**Assignment:**
Only the lines below starting at the one that contains "Freizeit Hemd von" and ending at the one that contains "Fotbalistii bosniaci Nikola" are to be reproduced, exactly and with both ends kept.

[Opening Data shown section]

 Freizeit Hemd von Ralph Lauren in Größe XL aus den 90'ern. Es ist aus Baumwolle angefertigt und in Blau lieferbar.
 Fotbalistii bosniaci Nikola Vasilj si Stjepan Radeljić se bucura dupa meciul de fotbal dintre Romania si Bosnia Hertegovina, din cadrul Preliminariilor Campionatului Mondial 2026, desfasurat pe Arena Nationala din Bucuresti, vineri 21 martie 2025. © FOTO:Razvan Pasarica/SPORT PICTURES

[Closing Data shown section]
[Opening Data shown section]

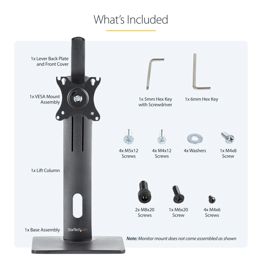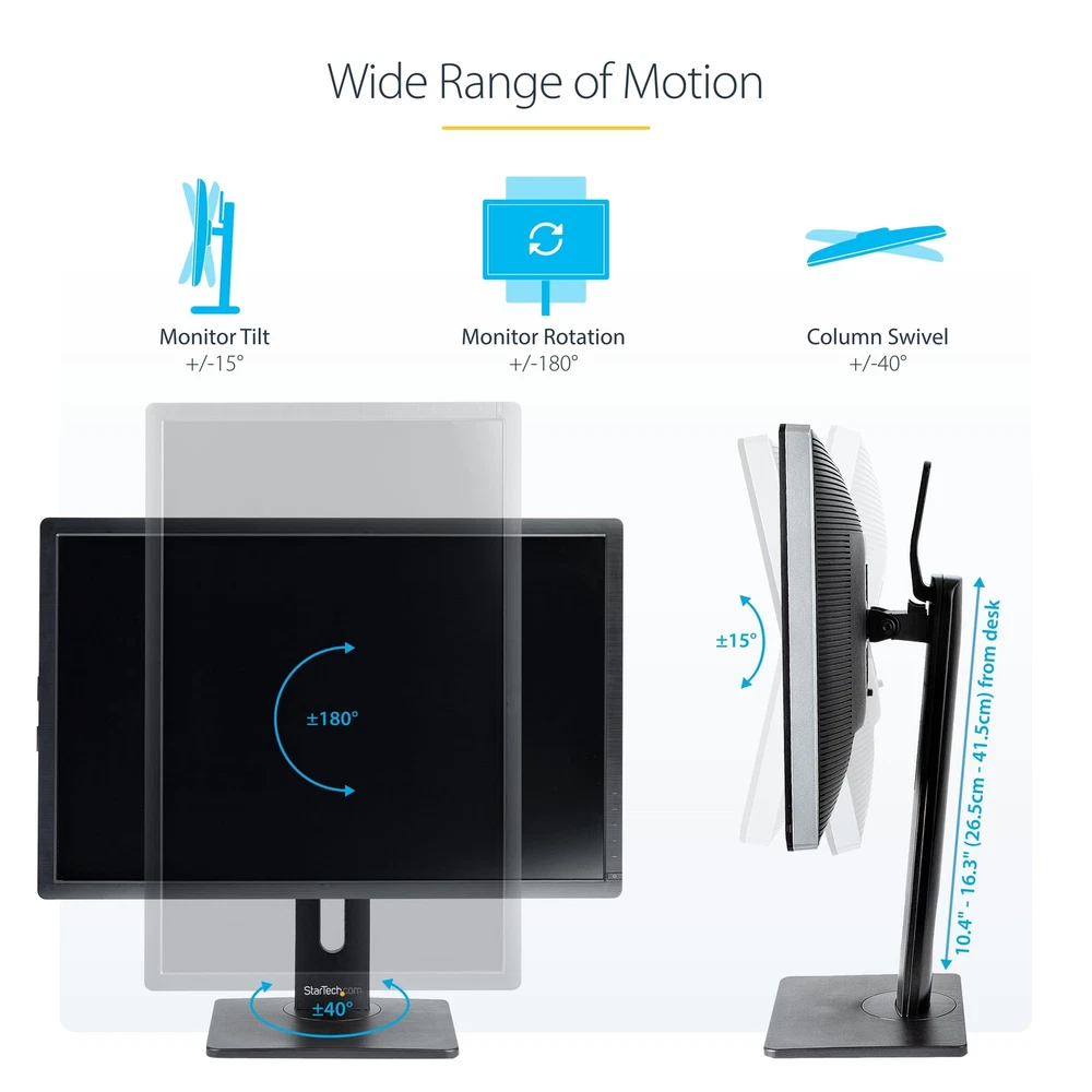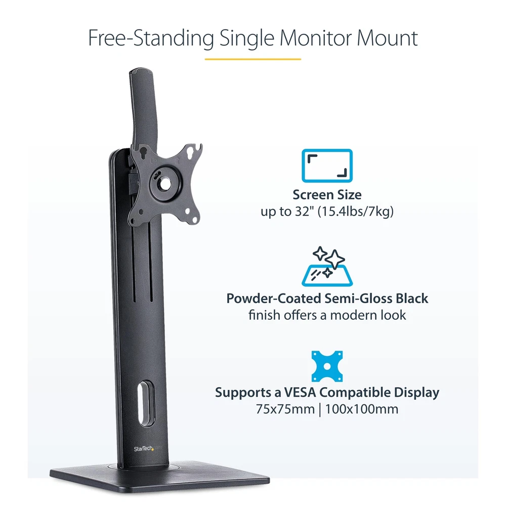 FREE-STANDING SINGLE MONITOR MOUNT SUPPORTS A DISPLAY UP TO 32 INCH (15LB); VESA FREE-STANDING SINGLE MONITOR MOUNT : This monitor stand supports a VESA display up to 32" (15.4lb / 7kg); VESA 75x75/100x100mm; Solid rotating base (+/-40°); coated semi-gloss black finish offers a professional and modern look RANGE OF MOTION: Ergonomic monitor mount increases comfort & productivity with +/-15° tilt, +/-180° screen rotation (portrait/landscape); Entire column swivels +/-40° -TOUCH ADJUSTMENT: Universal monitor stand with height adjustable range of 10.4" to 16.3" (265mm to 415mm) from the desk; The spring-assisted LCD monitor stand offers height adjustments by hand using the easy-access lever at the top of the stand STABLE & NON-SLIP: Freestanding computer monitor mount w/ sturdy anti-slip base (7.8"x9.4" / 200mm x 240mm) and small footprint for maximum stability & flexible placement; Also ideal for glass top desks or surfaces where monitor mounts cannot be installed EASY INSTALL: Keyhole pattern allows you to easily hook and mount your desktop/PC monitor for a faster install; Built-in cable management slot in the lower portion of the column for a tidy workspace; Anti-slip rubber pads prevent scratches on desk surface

[Closing Data shown section]
[Opening Data shown section]

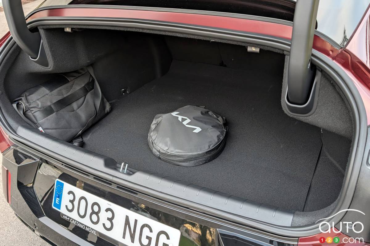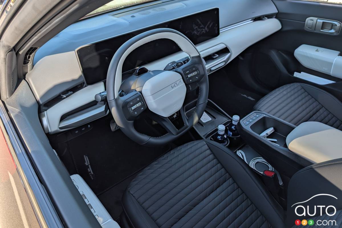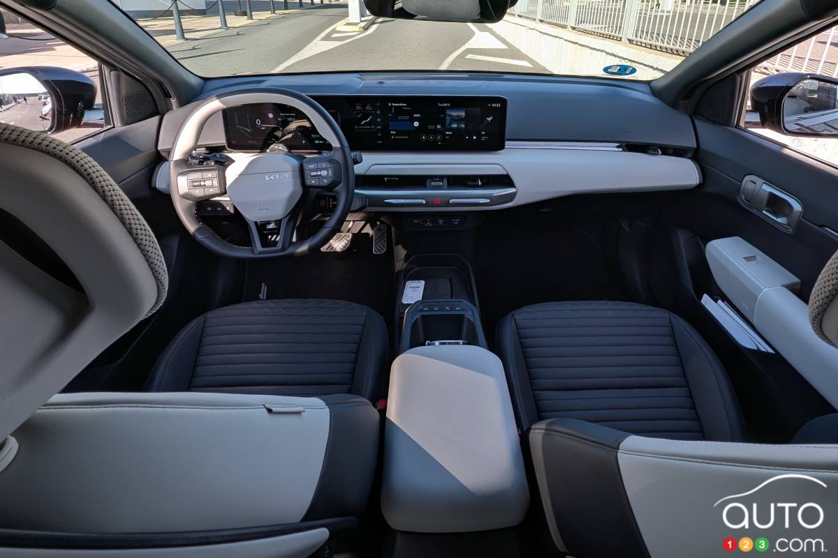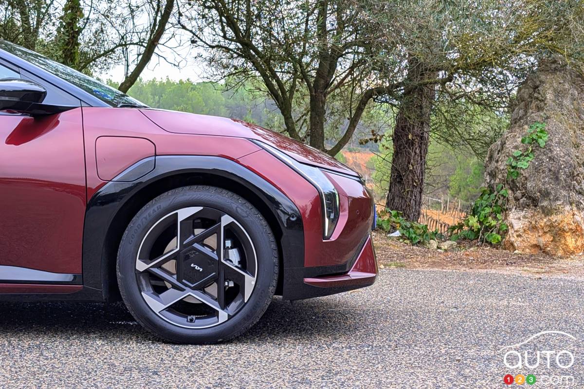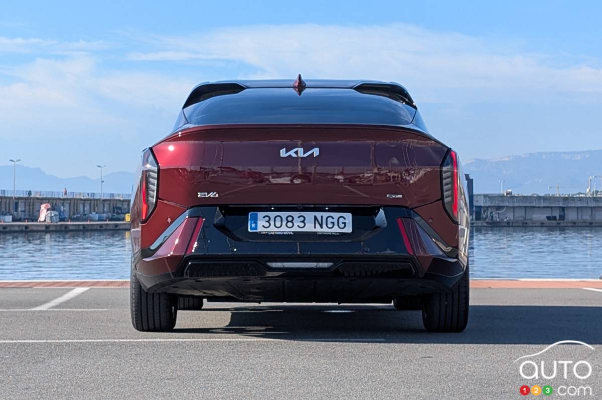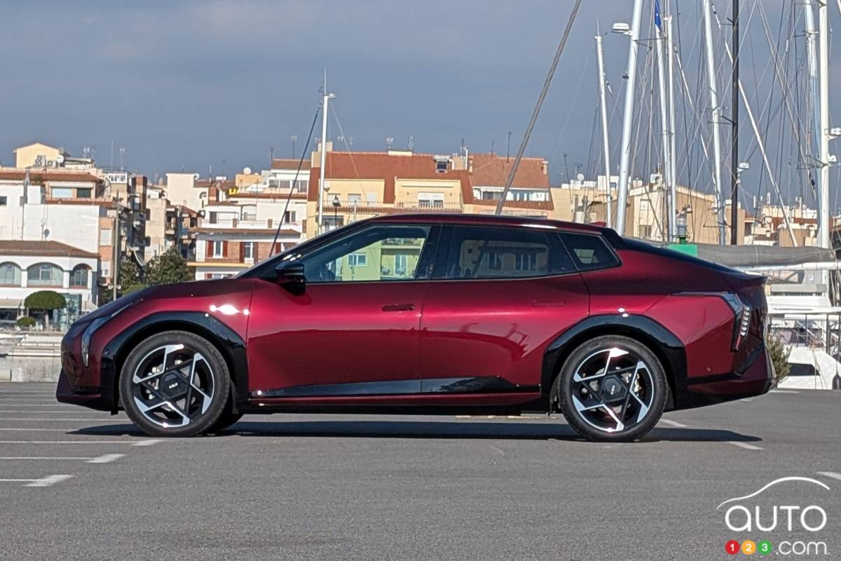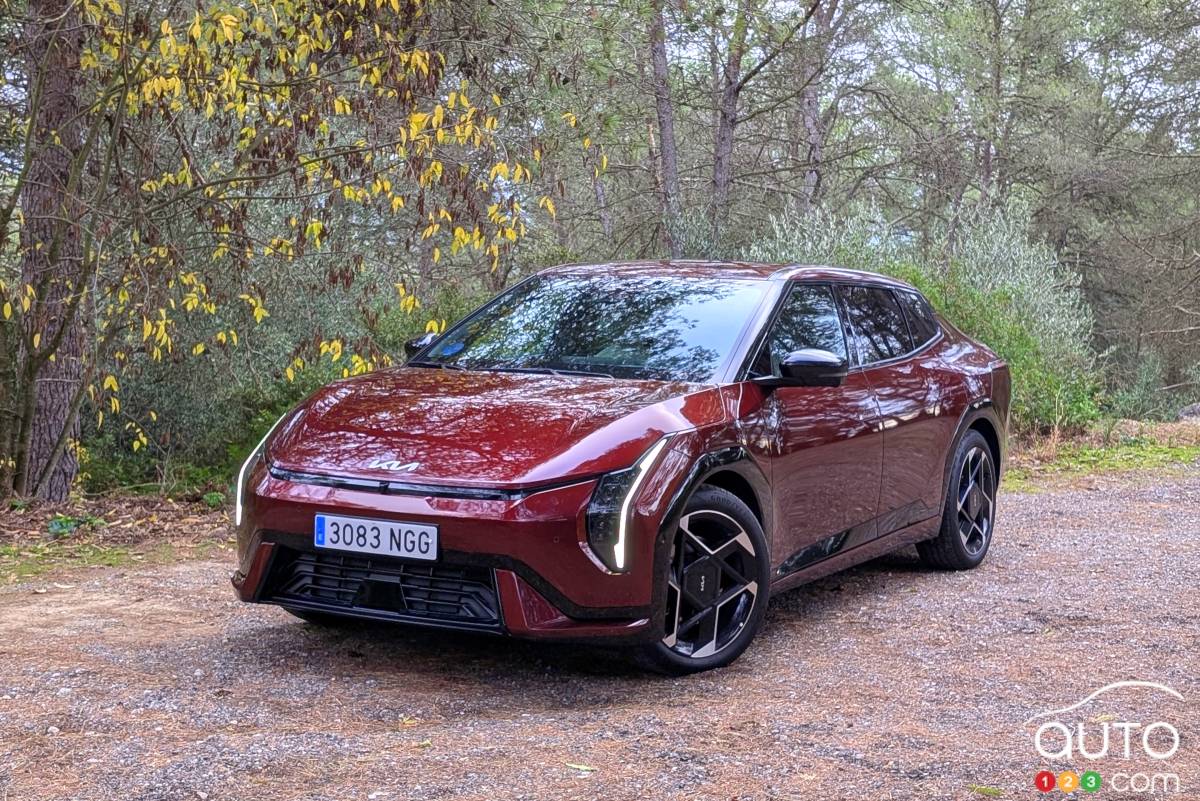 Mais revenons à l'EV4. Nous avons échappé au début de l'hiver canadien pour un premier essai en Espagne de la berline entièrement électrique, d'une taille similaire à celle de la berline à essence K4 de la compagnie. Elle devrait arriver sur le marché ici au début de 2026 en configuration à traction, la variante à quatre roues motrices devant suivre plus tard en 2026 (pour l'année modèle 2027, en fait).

[Closing Data shown section]

**Result of the task:**
 Freizeit Hemd von Ralph Lauren in Größe XL aus den 90'ern. Es ist aus Baumwolle angefertigt und in Blau lieferbar.
 Fotbalistii bosniaci Nikola Vasilj si Stjepan Radeljić se bucura dupa meciul de fotbal dintre Romania si Bosnia Hertegovina, din cadrul Preliminariilor Campionatului Mondial 2026, desfasurat pe Arena Nationala din Bucuresti, vineri 21 martie 2025. © FOTO:Razvan Pasarica/SPORT PICTURES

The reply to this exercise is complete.